■ TASK BRIEF ■
Copy every entry below exactly as it appears, leaving out the images.

■ LISTED ENTRIES ■
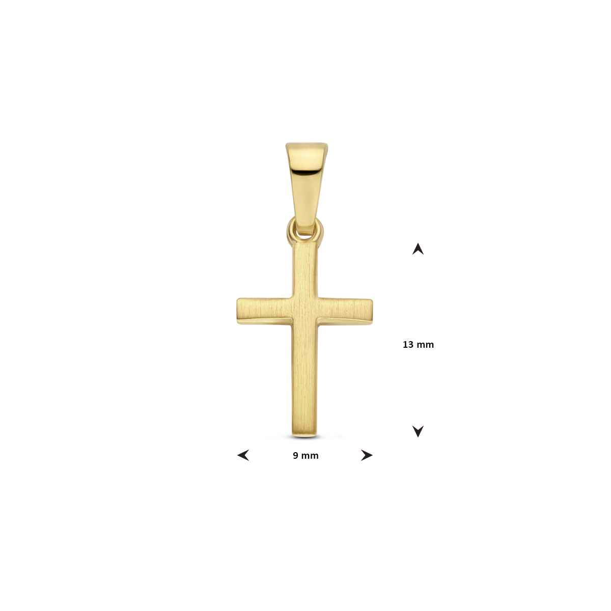 14k Geelgouden hanger in de vorm van een kruis. De hanger heeft een totale hoogte van 20mm en een afmeting van 13x9mm.
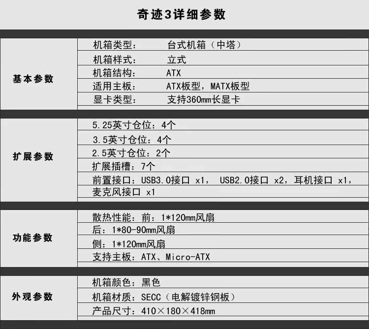 先马奇迹3机箱外观时尚大方,散热能力出色,机箱前端配备的USB3.0接口带来了高速的数据传输,适合经常拷贝文件的消费者购买。
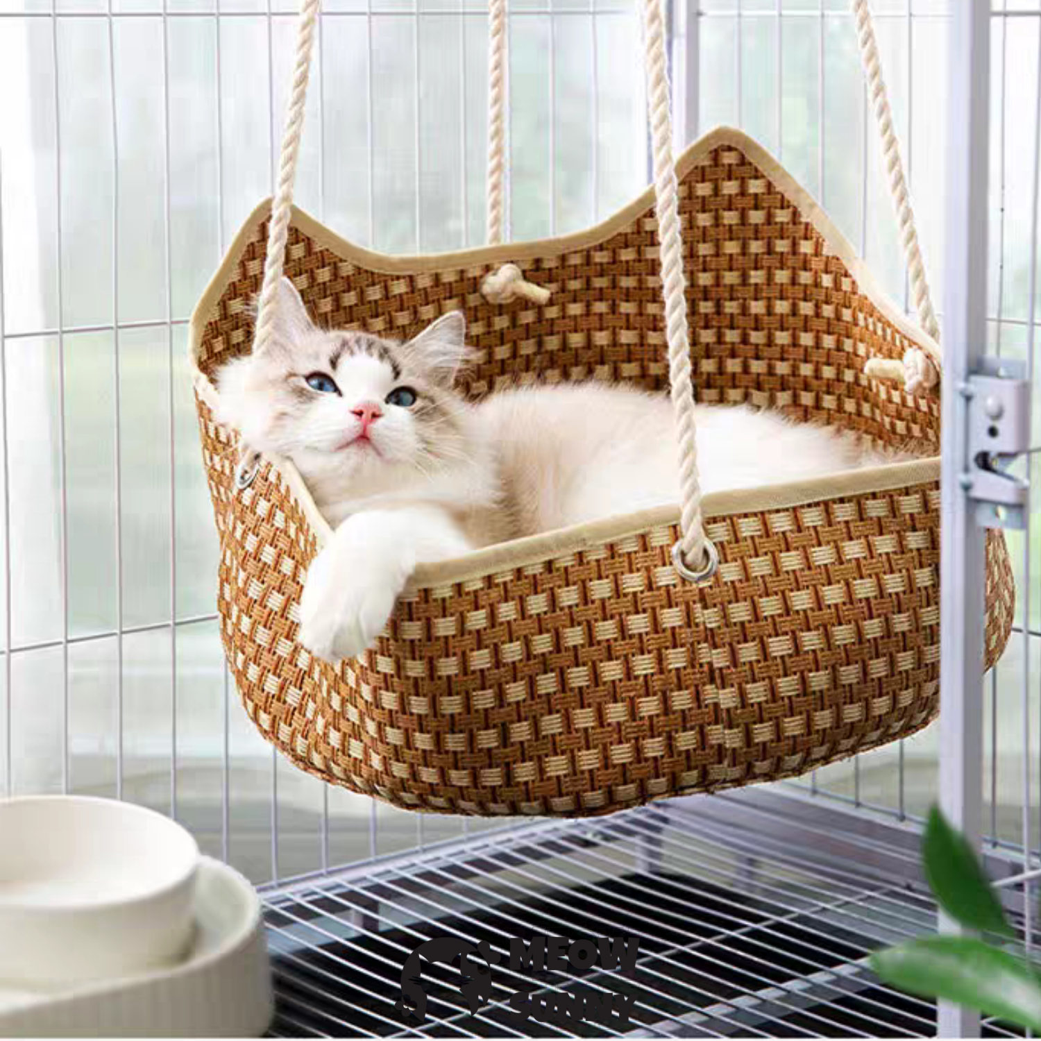 Cat hanging swing bed handmade rattan soft and cool
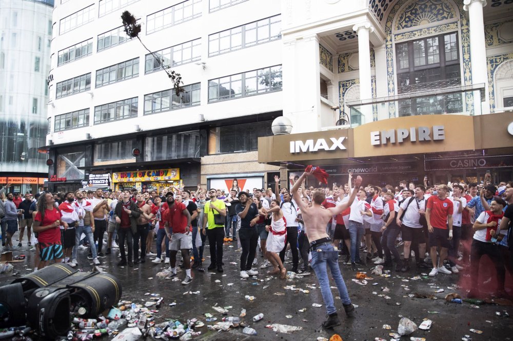 Navijači Gordog Albiona su područje oko Leicester trga pretvorili u neslužbenu navijačku zonu premda je policija pozvala navijače koji nemaju ulaznice da ne dolaze u grad pozivajući se na epidemiološke propise.
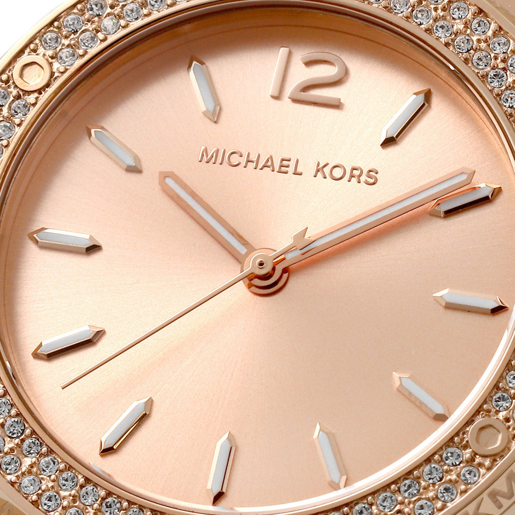 Introducing the Michael Kors Lennox Rose Gold-Tone Women's Watch, a luxurious timepiece crafted with sophistication and elegance in mind. This watch features a sleek rose gold-tone design and precise movement for the perfect blend of functionality and style. Enhance any outfit with this exclusive accessory.
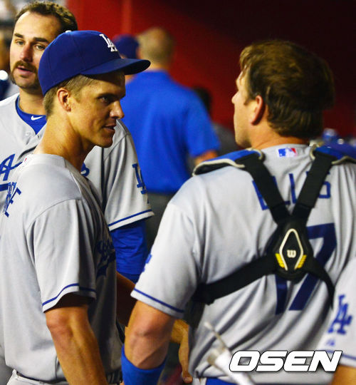 18일 (이하 한국시간) 미국 애리조나 피닉스 체이스필드에서 열린 2013 메이저리그 애리조나 다아아몬드백스와 LA 다저스 경기, 4회말을 마친 다저스 그레인키가 A.J 엘리스와 얘기를 나누고 있다.
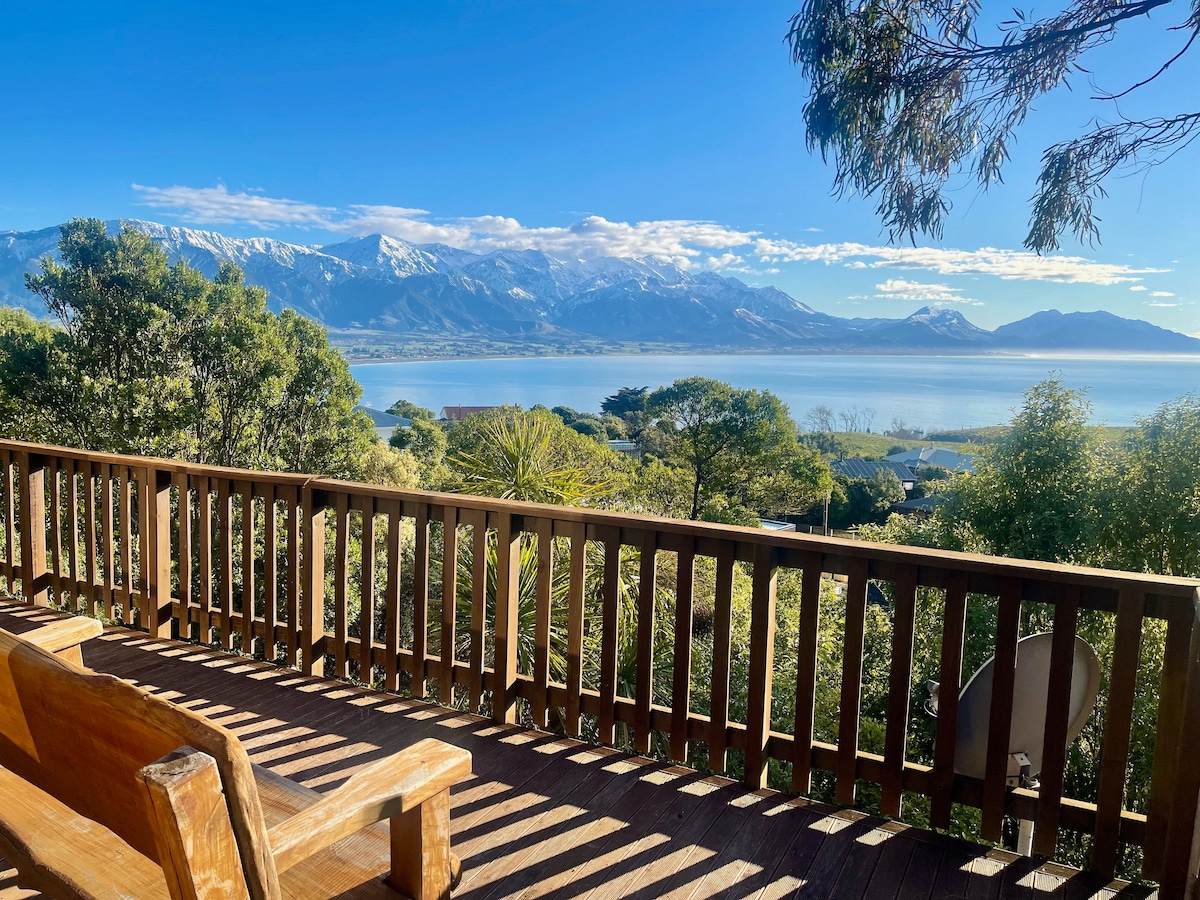 A lovely place to stay in Kaikōura with mountain views, all day sun and a private deck. Not even a 5 minute drive to town center. It is the 3rd house down a private lane, parking right by the house. Large open plan living area and good sized bedrooms. West boundary is a peaceful creek (be aware of this if you have children). A great heat pump and additional big log burner will keep you warm during the winter months with a heat distribution system to keep you warm in the bedrooms. No WiFi sorry!

■ YOUR SOLUTION ■
 14k Geelgouden hanger in de vorm van een kruis. De hanger heeft een totale hoogte van 20mm en een afmeting van 13x9mm.
 先马奇迹3机箱外观时尚大方,散热能力出色,机箱前端配备的USB3.0接口带来了高速的数据传输,适合经常拷贝文件的消费者购买。
 Cat hanging swing bed handmade rattan soft and cool
 Navijači Gordog Albiona su područje oko Leicester trga pretvorili u neslužbenu navijačku zonu premda je policija pozvala navijače koji nemaju ulaznice da ne dolaze u grad pozivajući se na epidemiološke propise.
 Introducing the Michael Kors Lennox Rose Gold-Tone Women's Watch, a luxurious timepiece crafted with sophistication and elegance in mind. This watch features a sleek rose gold-tone design and precise movement for the perfect blend of functionality and style. Enhance any outfit with this exclusive accessory.
 18일 (이하 한국시간) 미국 애리조나 피닉스 체이스필드에서 열린 2013 메이저리그 애리조나 다아아몬드백스와 LA 다저스 경기, 4회말을 마친 다저스 그레인키가 A.J 엘리스와 얘기를 나누고 있다.
 A lovely place to stay in Kaikōura with mountain views, all day sun and a private deck. Not even a 5 minute drive to town center. It is the 3rd house down a private lane, parking right by the house. Large open plan living area and good sized bedrooms. West boundary is a peaceful creek (be aware of this if you have children). A great heat pump and additional big log burner will keep you warm during the winter months with a heat distribution system to keep you warm in the bedrooms. No WiFi sorry!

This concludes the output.